Take the lines in the listing below from the line with "在金州三农果树基地,工作人员在果园内辛勤劳作。(记者 王华 摄)" up to and including the line with "赵云之枪出如龙纹身图片_背部传统写实人物满背满背赵云成品纹身图案" and set them down exactly, skipping pictures and adding nothing.

• [DATA PROVIDED]:
.....

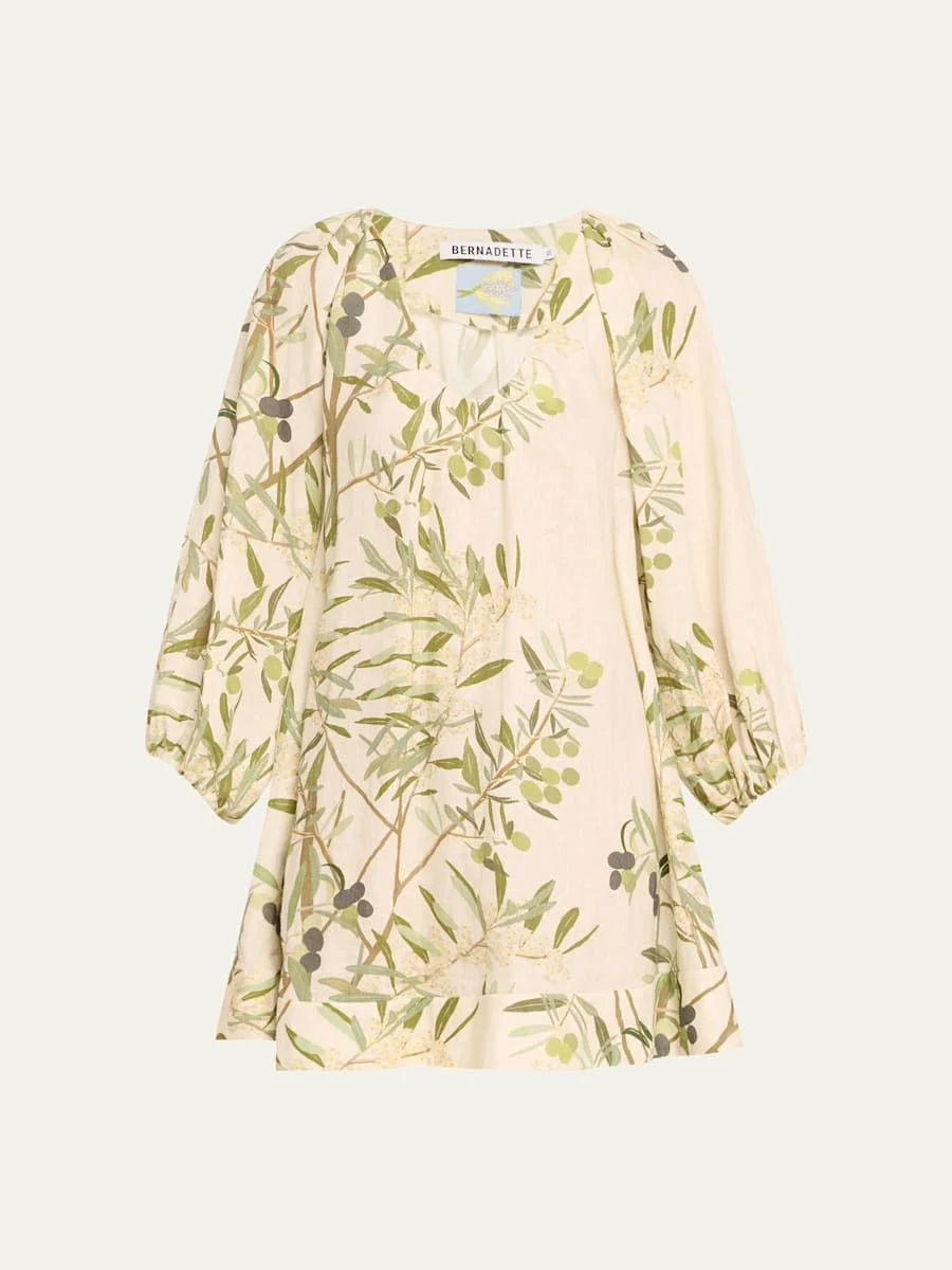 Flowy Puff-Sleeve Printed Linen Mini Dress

.....

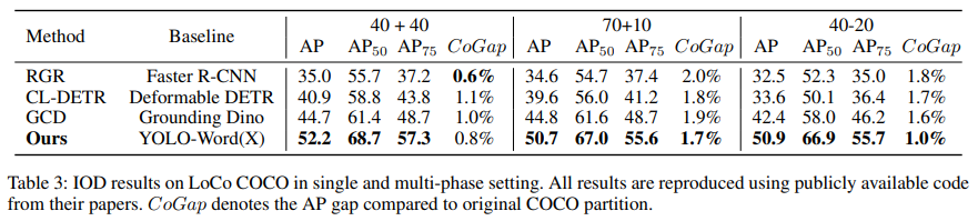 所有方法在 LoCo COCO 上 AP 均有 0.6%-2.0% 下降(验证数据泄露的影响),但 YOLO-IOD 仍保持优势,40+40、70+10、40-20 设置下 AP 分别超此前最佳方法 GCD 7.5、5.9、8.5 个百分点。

.....

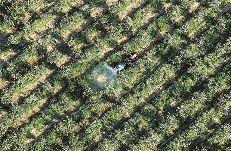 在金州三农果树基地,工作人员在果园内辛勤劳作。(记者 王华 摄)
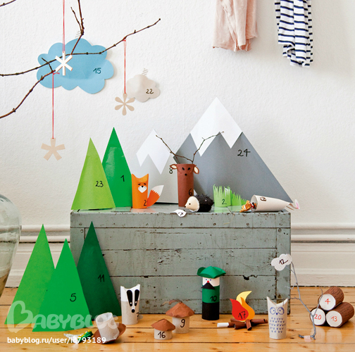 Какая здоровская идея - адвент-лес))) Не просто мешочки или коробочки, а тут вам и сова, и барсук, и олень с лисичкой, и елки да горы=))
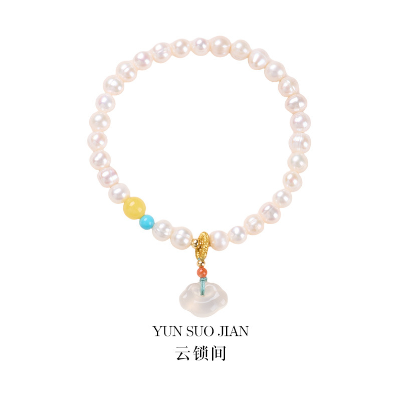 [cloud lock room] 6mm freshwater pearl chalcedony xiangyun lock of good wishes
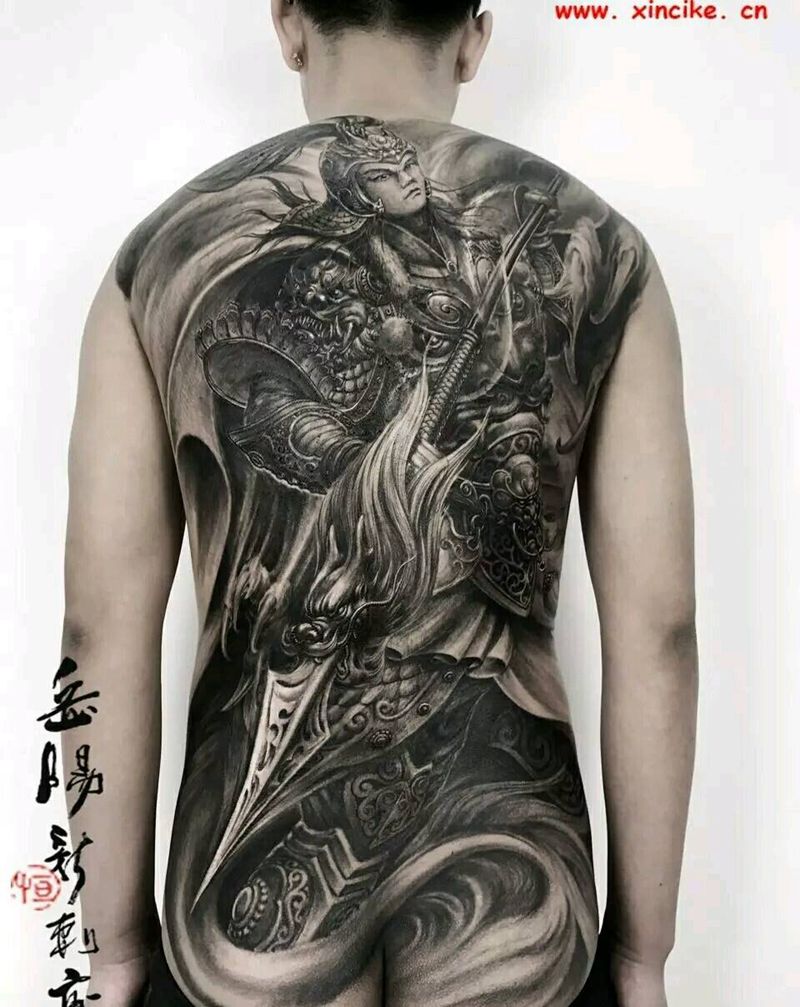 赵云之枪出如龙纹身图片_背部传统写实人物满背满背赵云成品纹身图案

.....

• [WRITTEN REPLY]:
 在金州三农果树基地,工作人员在果园内辛勤劳作。(记者 王华 摄)
 Какая здоровская идея - адвент-лес))) Не просто мешочки или коробочки, а тут вам и сова, и барсук, и олень с лисичкой, и елки да горы=))
 [cloud lock room] 6mm freshwater pearl chalcedony xiangyun lock of good wishes
 赵云之枪出如龙纹身图片_背部传统写实人物满背满背赵云成品纹身图案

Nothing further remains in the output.